Writing again- yes, you said something very similar to what i said-
however, i feel compelled to object to any explanation involving nouns being active or passive.
passive, as was said, is a voice. a real understanding of grammar is essential for a writer. if i seem a angry about this beyond the import of this discussion, it is because of arguments i have been having with a friend of mine.
we teach a japanese class to some other homeschooled kids. we aren't fluent or in japanese, not close really, but definitely far ahead of our students.

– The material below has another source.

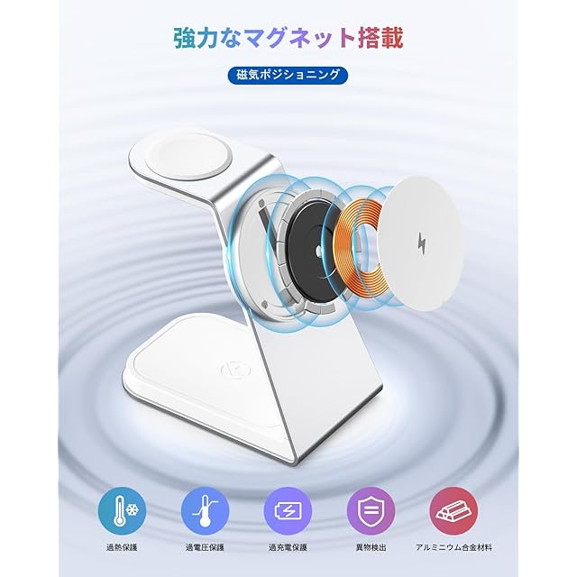【2025年進級プロ3in1magsafe充電器】本体には塊ごとの強力なマグネットを内蔵し、塊ごと磁石はいくつかの小さな磁石に比べて磁力が40%増強されています。磁力の安定性を大きくに引き上げました。 iPhone を本体に近づけるだけで正しい位置に吸着します。同時にiPhone/Apple Watch/Airpodsに充電して、ケーブルから解放され、ひっかかることはありません。

my friend and i both have a natural talent for languages. he is much better than i am at remembering vocabulary, writing japanese characters, and intuitively grasping how a japanese person would say something. he speaks japanese much better than i do. however, i can grasp grammar with comparative ease. Latin conjugations, declension- english moods, participles and gerunds- these things trouble my classmates more than me. unfortunately, i still need to learn vocabulary.
anyway, whenever i try to explain the language in grammatical terms my firewnd object, and repeats "that doesn't help people understand." his argument is that real japanese people don't think in terms of indirect objects, gerunds, and topic markers. they just know to use ni with certain verbs.
however, that is only the way that they can speak it, because growing up in japan gives them an instinctive understanding. in order to allow students to expand their knowledge by themselves, they must understand grammatical terms.
how does this apply to the case at hand? well, when it comes to truly grammatical formal eenglish, ther are comparatively few native speakers. even many americans grow up unfamiliar with the subjunctive, or the passive.
therefore, the only to truly grasp them, for those who haven't used them correctly since childhood, is an understanding of basic grammatical terms.
it isn't that hard. most grammatical terms apply to many languages- the same metalingual vocabulary has seen me through english, lating, greek, japanese, and spanish. A small amount of effort to understand what is meant by voice, mood, tense, case, and so on will make everything to do with language simpler.
it's like the fiasco of the "whole word reading" method. without a grasp of phonics, or grammatical terms, people are limited to rote regurgitation of the sentence patterns they understand.
phonics, that is to say a grasp of grammar, allows much deeper comprehension and more fluent composition.
so please, writing again, don't insist that using the word passive correctly is confusing. it's just somehting everyone needs to leanr sooner or later.